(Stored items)

-- -- --

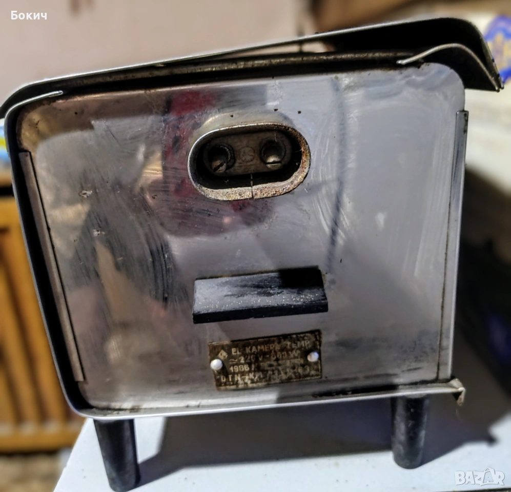 Използвана, запазена, работеща, ретро електрическа скара-принцесник, произведена през 1969 в България. Корпус от неръждаема стомана, мощност 1500 W, без таймер и без регулатори на температурата и мощността.
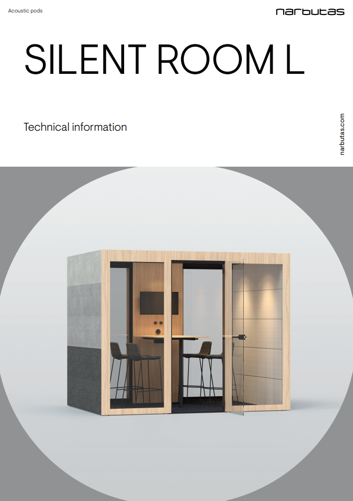 A SILENT ROOM többrétegű falszerkezete, a hermetikusan záródó ajtó és plafon gondoskodik a tökéletes hangszigetelésről. A panelek belső rétegei kiváló minőségű hangelnyelő anyagból készültek, ami megszünteti a visszhangot és kiváló hangelnyelő tulajdonságokkal rendelkezik. A kívül is kárpitozott fülke a rajta kívül keletkező, az open-space irodában terjedő hangokat is csökkenti, így akusztikailag kedvező munkakörnyezetet teremt.
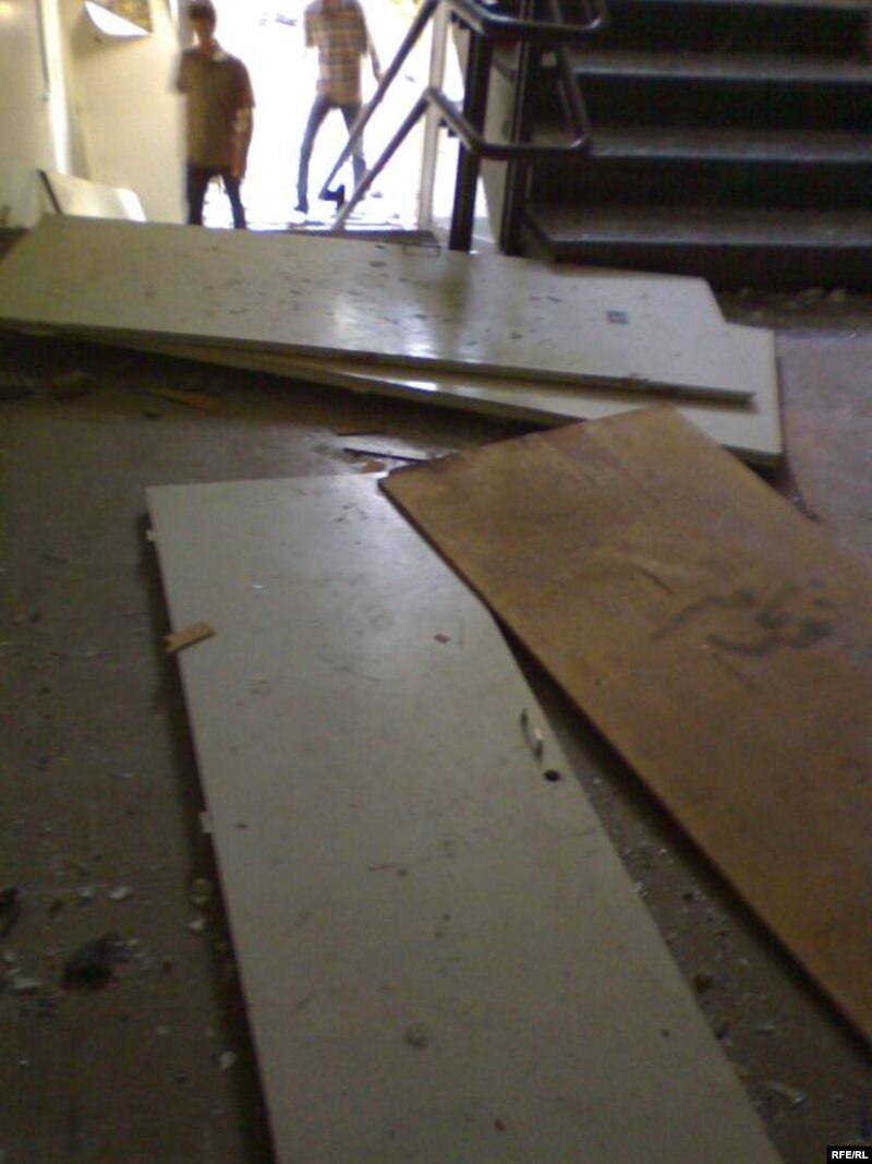 این شاهد عینی گفت که آتشی که در ورودی کوی روشن شده بود تنها به نگهبانی سرایت کرد اما شماری از اتاقهای ساختما شماره ۲۳ که مجاور خیابان بودند، بعد از شلیک مستقیم گاز اشکآور به داخل آنها آتش گرفتند.
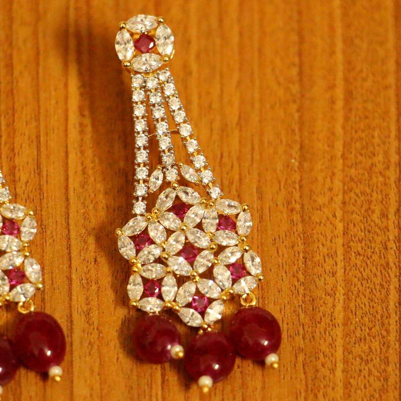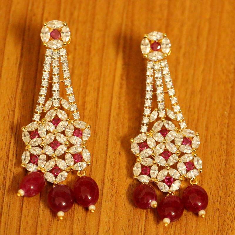 These diamond look danglers are handcrafted in silver alloy with imitation ruby colour stones & cz stones of very fine quality. These earrings are plated in 18kt gold rhodium plating which gives the design a real jewelry look .
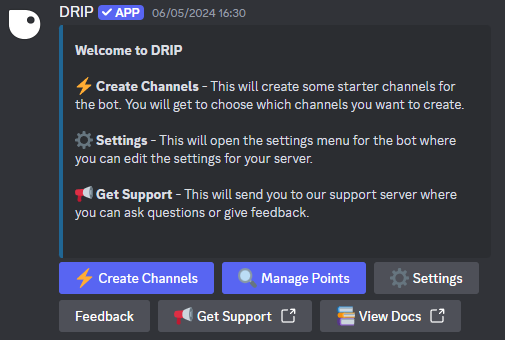 channel and is used to make changes to Drip Rewards in your community. You can also access the Drip Support Discord and Documentation via the dashboard. Click on the various buttons in the embed to use the dashboard:
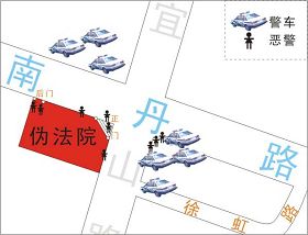 上海的邪恶之徒心虚害怕至极,出动大批警察层层设防。在法庭外围的穿制服的警察有30多名,另有很多便衣特务游走窥探行人车辆,连街角的茶楼里都坐了便衣特务。有知情者讲:这次出动了80多名警察。现场的警车在两个多小时时间都没熄火,车中开着空调,每辆车中都有人。
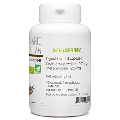 -. Feature : DEVIL'S CLAW - Harpagophytum Procumbens - Organic 200 Vegetarian Capsules - 330 mg / Organically farmed plant / 2 to 3 capsules a day with a large glass of water during meals and as part of balanced diet.
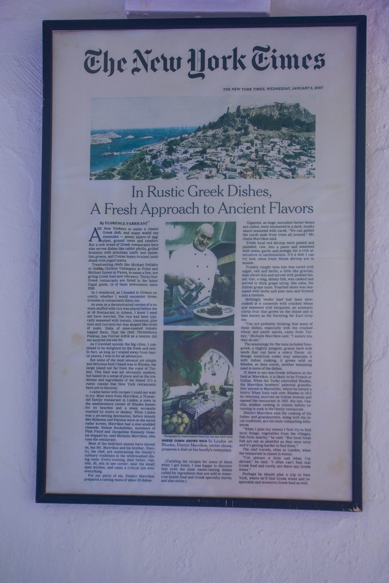 Ο χώρος του εστιατορίου τους είναι στην ουσία μια μεγάλη βοτσαλόστρωτη αυλή, με τις λευκές τυπικά ροδίτικες αψίδες της και τις πυκνές κληματαριές της για σκιερή «οροφή». Τα τραπέζια της, στρωμένα με ολόλευκα τραπεζομάντιλα και οι ξύλινες πτυσσόμενες καρέκλες κήπου, μαζί με τις δεκάδες φωτογραφίες στους τοίχους «μιλούν» υπαινικτικά για την ιστορία των ογδόντα οκτώ χρόνων τους –υπολογίζω μόνο όσα βρίσκεται το εστιατόριο σε αυτή την ίδια θέση, στην είσοδο της Λίνδου, χωρίς να λαμβάνω υπόψη πως ο παππούς Μαυρίκος πρωτάνοιξε το ομώνυμο εστιατόριο, το 1912, σε άλλη θέση.
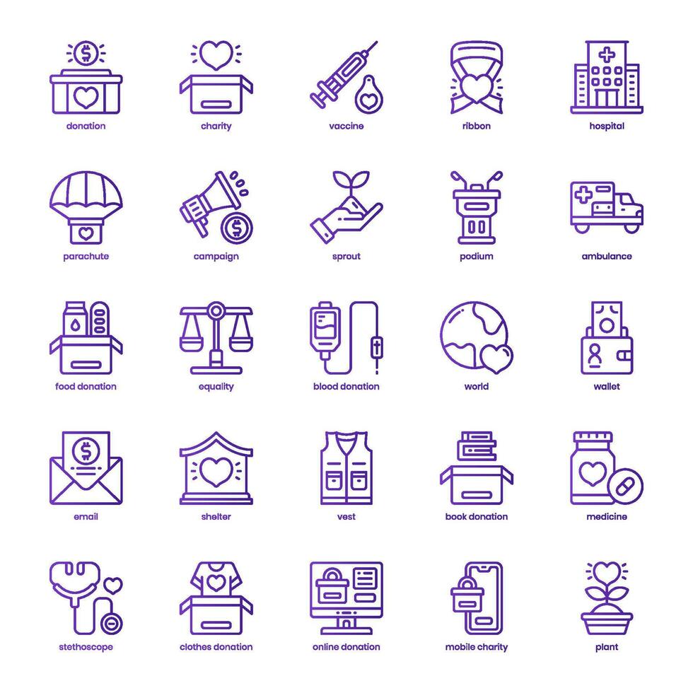 Charity icon pack for your website design, logo, app, and user interface. Charity icon basic line gradient design. Vector graphics illustration and editable stroke. Pro Vector and Pro SVG
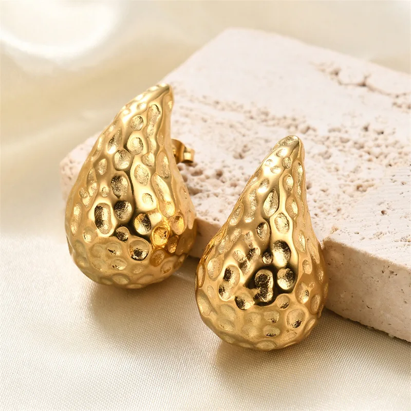 Exaggerate Irregular Water Drop Gold Color Metal Oversize Dupes Thick Drop Earrings Lightweight Glossy Teardrop Earring Jewelry
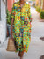 Women's Vintage Flower Art Print Cotton Lapel Button-Down Shirt Dress
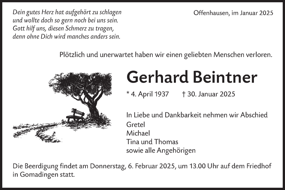 Hier finden Sie alle Traueranzeigen aus der Zeitung, die bisher für Gerhard Beintner erschienen sind. Weitere Traueranzeigen, die in der Zeitung erscheinen, werden hier ebenfalls aufgelistet
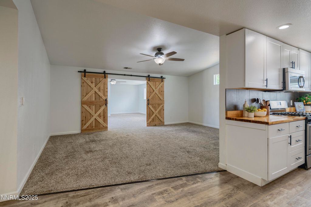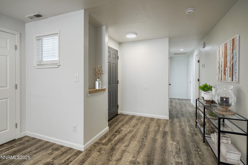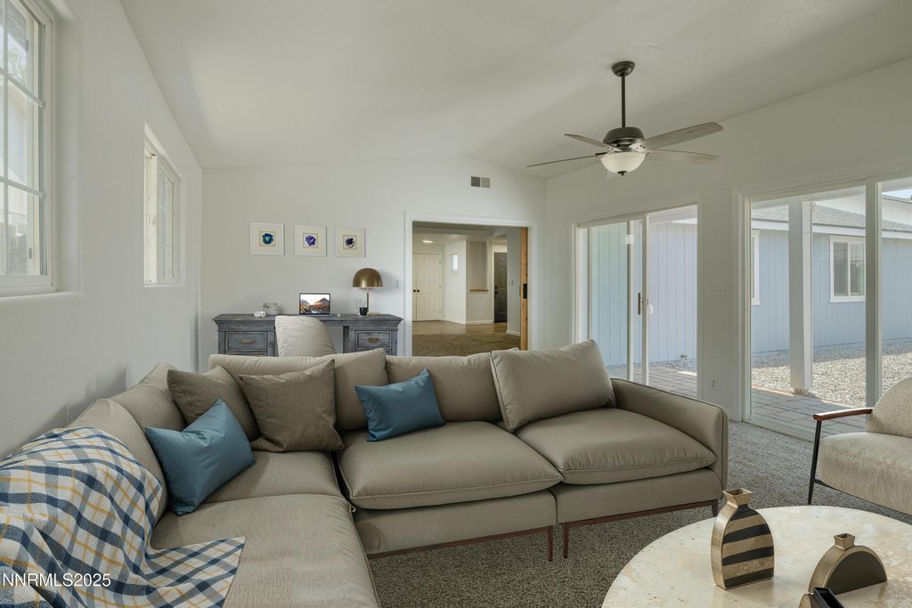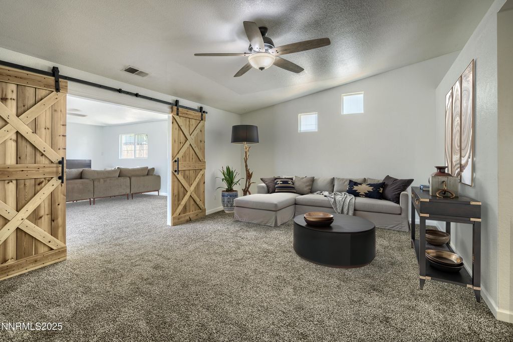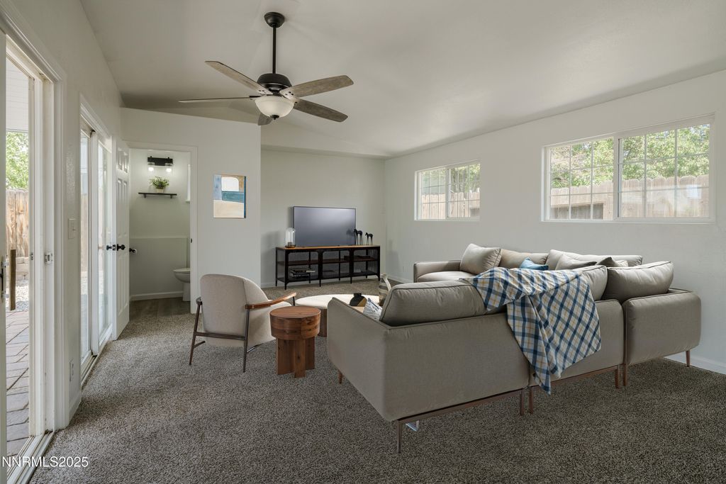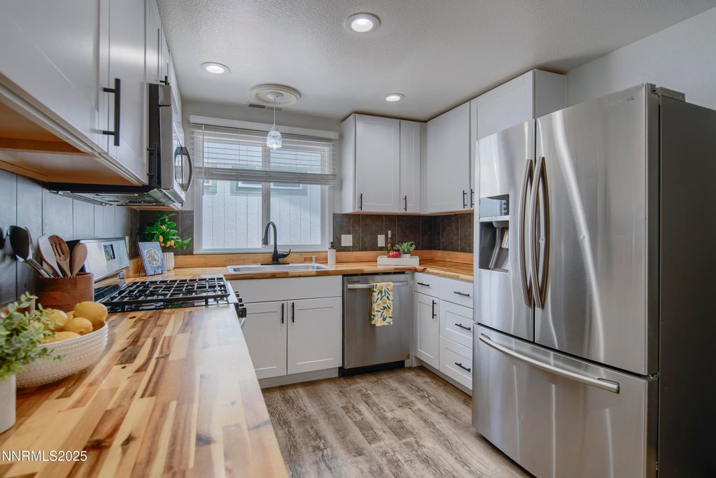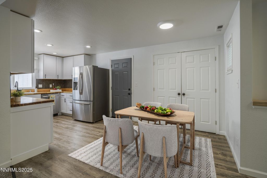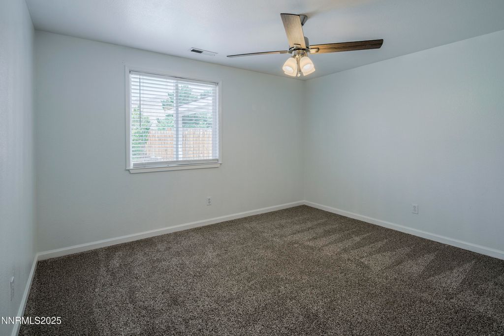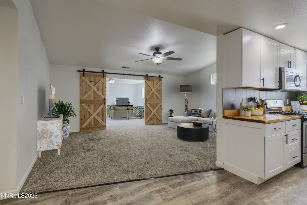 Welcome to this stylishly updated 3-bedroom, 2.5 bath home offering 1,656 sq feet of comfortable living space and a finished 2-car garage. Built in 1997 and thoughtfully updated over the past four years, this move-in ready gem combines function and modern finishes throughout. Notable updates include a new roof (2022), energy-efficient double-pane vinyl windows (excluding the family room), a new water heater, and a fully remodeled kitchen. The kitchen features butcher-block countertops, all-new cabinetry, stainless steel appliances, an upgraded sink, modern hardware, and contemporary lighting. Central A/C was added in 2023 to keep you cool all summer long. Both bathrooms have been fully renovated. The second bathroom features a tub/shower combo, while the primary suite offers a spacious walk-in shower. The entire home features durable luxury vinyl plank flooring with carpet in the bedrooms. Locally handcrafted barn doors separate the family room, offering a flexible space ideal for a home office, den, playroom, or optional fourth bedroom. Modern ceiling fans and updated lighting fixtures have been installed throughout. Enjoy outdoor living on the covered patio, perfect for summer BBQs. A large backyard shed provides ample storage, and the front yard has been zeroscaped for low-maintenance curb appeal. The washer, dryer, and refrigerator - all replaced in 2021 - are included. With easy access to Hwy 50, this home is about 28 miles from the Reno Tahoe Industrial Center and about 15 miles from downtown Carson City. Don't miss your opportunity - schedule a private showing today! The photos with furniture are virtually staged.

-- -- --

__EXERCISE BRIEF__.
Copy all the records above exactly, but leave out the pictures.

__YOUR SOLUTION__.
 Използвана, запазена, работеща, ретро електрическа скара-принцесник, произведена през 1969 в България. Корпус от неръждаема стомана, мощност 1500 W, без таймер и без регулатори на температурата и мощността.
 A SILENT ROOM többrétegű falszerkezete, a hermetikusan záródó ajtó és plafon gondoskodik a tökéletes hangszigetelésről. A panelek belső rétegei kiváló minőségű hangelnyelő anyagból készültek, ami megszünteti a visszhangot és kiváló hangelnyelő tulajdonságokkal rendelkezik. A kívül is kárpitozott fülke a rajta kívül keletkező, az open-space irodában terjedő hangokat is csökkenti, így akusztikailag kedvező munkakörnyezetet teremt.
 این شاهد عینی گفت که آتشی که در ورودی کوی روشن شده بود تنها به نگهبانی سرایت کرد اما شماری از اتاقهای ساختما شماره ۲۳ که مجاور خیابان بودند، بعد از شلیک مستقیم گاز اشکآور به داخل آنها آتش گرفتند.
 These diamond look danglers are handcrafted in silver alloy with imitation ruby colour stones & cz stones of very fine quality. These earrings are plated in 18kt gold rhodium plating which gives the design a real jewelry look .
 channel and is used to make changes to Drip Rewards in your community. You can also access the Drip Support Discord and Documentation via the dashboard. Click on the various buttons in the embed to use the dashboard:
 上海的邪恶之徒心虚害怕至极,出动大批警察层层设防。在法庭外围的穿制服的警察有30多名,另有很多便衣特务游走窥探行人车辆,连街角的茶楼里都坐了便衣特务。有知情者讲:这次出动了80多名警察。现场的警车在两个多小时时间都没熄火,车中开着空调,每辆车中都有人。
 -. Feature : DEVIL'S CLAW - Harpagophytum Procumbens - Organic 200 Vegetarian Capsules - 330 mg / Organically farmed plant / 2 to 3 capsules a day with a large glass of water during meals and as part of balanced diet.
 Ο χώρος του εστιατορίου τους είναι στην ουσία μια μεγάλη βοτσαλόστρωτη αυλή, με τις λευκές τυπικά ροδίτικες αψίδες της και τις πυκνές κληματαριές της για σκιερή «οροφή». Τα τραπέζια της, στρωμένα με ολόλευκα τραπεζομάντιλα και οι ξύλινες πτυσσόμενες καρέκλες κήπου, μαζί με τις δεκάδες φωτογραφίες στους τοίχους «μιλούν» υπαινικτικά για την ιστορία των ογδόντα οκτώ χρόνων τους –υπολογίζω μόνο όσα βρίσκεται το εστιατόριο σε αυτή την ίδια θέση, στην είσοδο της Λίνδου, χωρίς να λαμβάνω υπόψη πως ο παππούς Μαυρίκος πρωτάνοιξε το ομώνυμο εστιατόριο, το 1912, σε άλλη θέση.
 Charity icon pack for your website design, logo, app, and user interface. Charity icon basic line gradient design. Vector graphics illustration and editable stroke. Pro Vector and Pro SVG
 Exaggerate Irregular Water Drop Gold Color Metal Oversize Dupes Thick Drop Earrings Lightweight Glossy Teardrop Earring Jewelry
 Women's Vintage Flower Art Print Cotton Lapel Button-Down Shirt Dress
 Hier finden Sie alle Traueranzeigen aus der Zeitung, die bisher für Gerhard Beintner erschienen sind. Weitere Traueranzeigen, die in der Zeitung erscheinen, werden hier ebenfalls aufgelistet
 Welcome to this stylishly updated 3-bedroom, 2.5 bath home offering 1,656 sq feet of comfortable living space and a finished 2-car garage. Built in 1997 and thoughtfully updated over the past four years, this move-in ready gem combines function and modern finishes throughout. Notable updates include a new roof (2022), energy-efficient double-pane vinyl windows (excluding the family room), a new water heater, and a fully remodeled kitchen. The kitchen features butcher-block countertops, all-new cabinetry, stainless steel appliances, an upgraded sink, modern hardware, and contemporary lighting. Central A/C was added in 2023 to keep you cool all summer long. Both bathrooms have been fully renovated. The second bathroom features a tub/shower combo, while the primary suite offers a spacious walk-in shower. The entire home features durable luxury vinyl plank flooring with carpet in the bedrooms. Locally handcrafted barn doors separate the family room, offering a flexible space ideal for a home office, den, playroom, or optional fourth bedroom. Modern ceiling fans and updated lighting fixtures have been installed throughout. Enjoy outdoor living on the covered patio, perfect for summer BBQs. A large backyard shed provides ample storage, and the front yard has been zeroscaped for low-maintenance curb appeal. The washer, dryer, and refrigerator - all replaced in 2021 - are included. With easy access to Hwy 50, this home is about 28 miles from the Reno Tahoe Industrial Center and about 15 miles from downtown Carson City. Don't miss your opportunity - schedule a private showing today! The photos with furniture are virtually staged.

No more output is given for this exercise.